Jumat, 08 Januari 2016

Pembinaan Pada kelompok Bakit Sejahtera Pembudidaya Ikan Kerapu di KJA



  • Memberikan arahan ataupun berdiskusi dengan pelaku utama budidaya ikan kerapu cantik di KJA
  • Mensosialisasikan kepada pembudidaya akan pentingnya pemberrian pakan secara teratur
  • Mensosialisasikan kepada pembudidaya akan pentingnya secara periodik memandikan/ merendam ikan kerapu dengan air tawar dimana hal ini bertujuan agar ikan kerapu terhindar dari serangan penyakit
  • Mendapat keluhan/ masukan dari pelaku utama tentang kendala kekurangan benih ikan kerapu karena masih banyak KJA yang kosong belum terisi benih


Jumat, 18 Desember 2015

BUDIDAYA IKAN NILA METODE KARAMBA JARING TANCAP DI KOLONG BEKAS GALIAN TIMAH

Provinsi Kepulauan Bangka Belitung adalah sebuah provinsi di Indonesia yang terdiri dari dua pulau utama, yaitu pulau Bangka dan pulau Belitung serta di kelilingi pulau-pulau kecil seperti pulau Lepar, pulau Selat Nasik, pulau Pongok dan pulau-pulau lainnya. Wilayah provinsi Kepulauan Bangka Belitung terbagi menjadi wilayah Daratan dan Wilayah Lautan dengan Total wilayah mencapai 81,725,14 km. Luas daratan lebih kurang 16,424,14 Km atau 20,10 persen dari total wilayah dan luas laut kurang lebih 65,301 Km atau 79,9 persen dari total wilayah Provinsi Kepulauan Bangka Belitung.

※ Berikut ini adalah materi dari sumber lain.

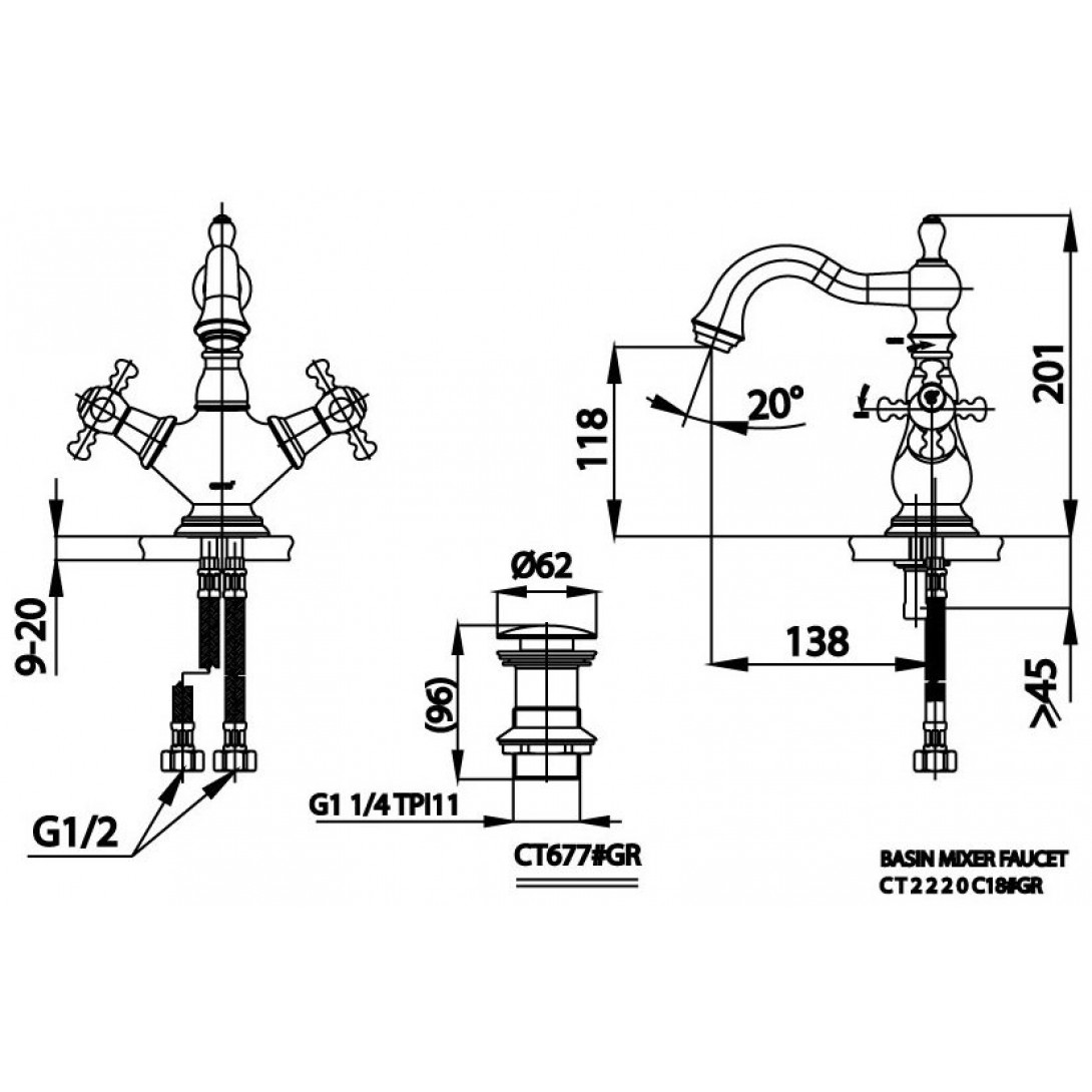 Vòi Nóng Lạnh Lavabo CAESAR B402CU Chậu 3 Lỗ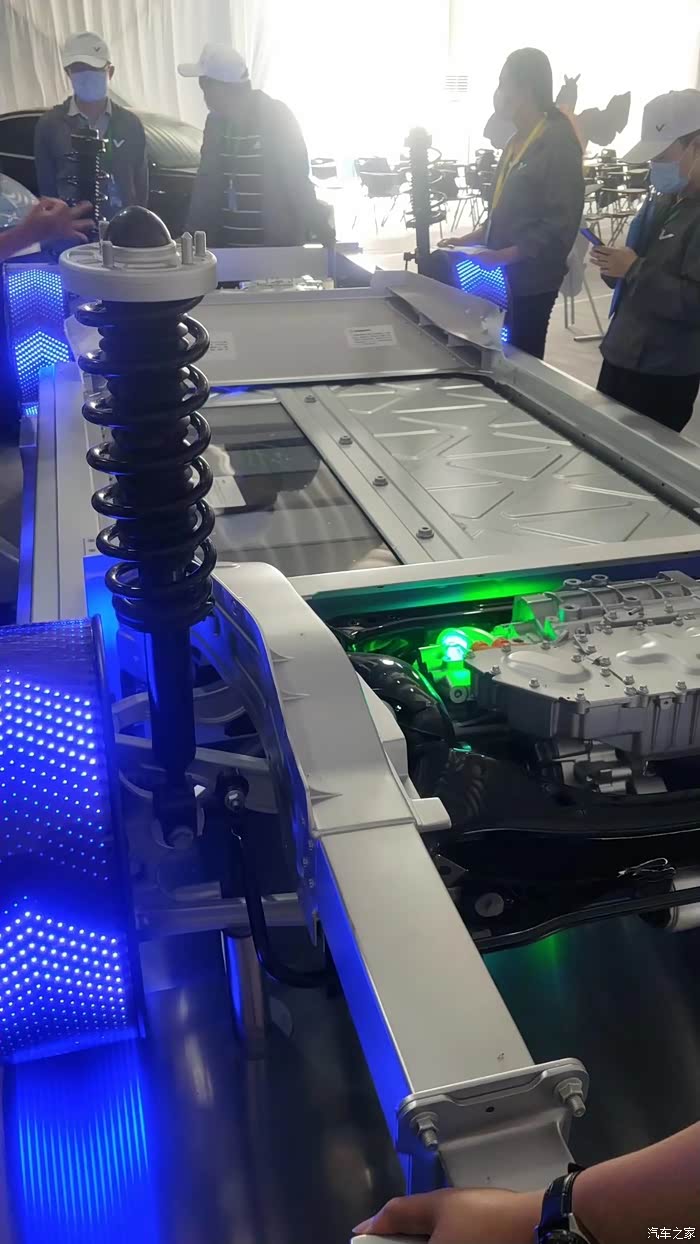 总体看,布局设计比较规整,中间没有凸起,车内空间不受影响;电池处于中心,四周有加强防护防撞梁,前后防撞也做得很好,很安全,而且重心低,行驶起来更稳定。

Provinsi yang mulai dikenal banyak orang sejak difilmkannya “Laskar Pelangi” oleh Andrea Hirata ini merupakan daerah yang sebagian besar masyarakatnya menggantungkan diri pada hasil pertambangan, terutama pertambangan timah. Secara turun temurun masyarakat Bangka Belitung menjadikan tambang timah sebagai mata pencahariannya. Penambangan timah ini sudah ada sejak zaman dahulu dan semakin intensif terjadi disaat Indonesia dijajah oleh Belanda.

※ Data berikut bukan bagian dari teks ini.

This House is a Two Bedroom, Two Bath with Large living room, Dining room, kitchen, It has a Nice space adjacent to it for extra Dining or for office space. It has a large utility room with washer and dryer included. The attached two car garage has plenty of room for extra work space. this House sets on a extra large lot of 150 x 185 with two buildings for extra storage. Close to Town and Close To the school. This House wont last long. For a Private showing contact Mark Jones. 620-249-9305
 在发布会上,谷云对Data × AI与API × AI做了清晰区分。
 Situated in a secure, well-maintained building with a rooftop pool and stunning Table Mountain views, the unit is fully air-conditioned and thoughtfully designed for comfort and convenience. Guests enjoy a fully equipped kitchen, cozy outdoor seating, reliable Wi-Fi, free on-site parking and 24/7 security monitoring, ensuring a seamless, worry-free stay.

Penambangan timah yang terjadi di Bangka Belitung ada yang dilakukan secara intensif dengan teknologi yang modern utamanya oleh perusahaan besar, baik itu pemerintah ataupun swasta serta juga dilakukan oleh masyarakat dengan cara tradisional atau konvensional. Penambangan timah yang intensif di Pulau Bangka maupun Belitung telah menyisakan fenomena yang menarik, yaitu terbentuknya lubang bekas galian tambang yang berisi air menyerupai danau-danau kecil yaang disebut “kolong”.


Kolong umumnya mempunyai air yang bersifat asam tergantung dari tipe mineral dominan di area tambang tersebut, serta juga mengandung logam-logam terlarut yang tidak dapat dimanfaatkan dalam kurun waktu yang cukup panjang. Sumber air kolong bisa berasal dari mata air, air sungai maupun air hujan. Kolong bekas tambang merupakan habitat yang unik karena umumnya sempit dan dalam serta tanpa zona littoral yang dikelilingi oleh dinding batuan yang terjal/curam dan biasanya tidak terdapat aliran air masuk dan/atau air keluar.

Namun perairan kolong merupakan perairan yang memiliki kondisi berbeda dengan perairan umum lainnya seperti waduk, danau dan sungai. Hal ini menjadikan kolong membutuhkan perlakuan yang lebih special (spesifik). Kualitas air kolong yang tentunya berbeda dengan perairan umum lain dan setidaknya pernah mengalami kondisi terburuk saat penambangan timah. Logam berat dan tingkat keasaman menjadi kendala diantara kendala-kendala lainnya. Kondisi tersebut menjadikan kegiatan budidaya ikan lebih terfokus pada kolong-kolong tua yang memiliki kualitas air yang lebih baik dibandingkan dengan kolong-kolong yang berusia muda.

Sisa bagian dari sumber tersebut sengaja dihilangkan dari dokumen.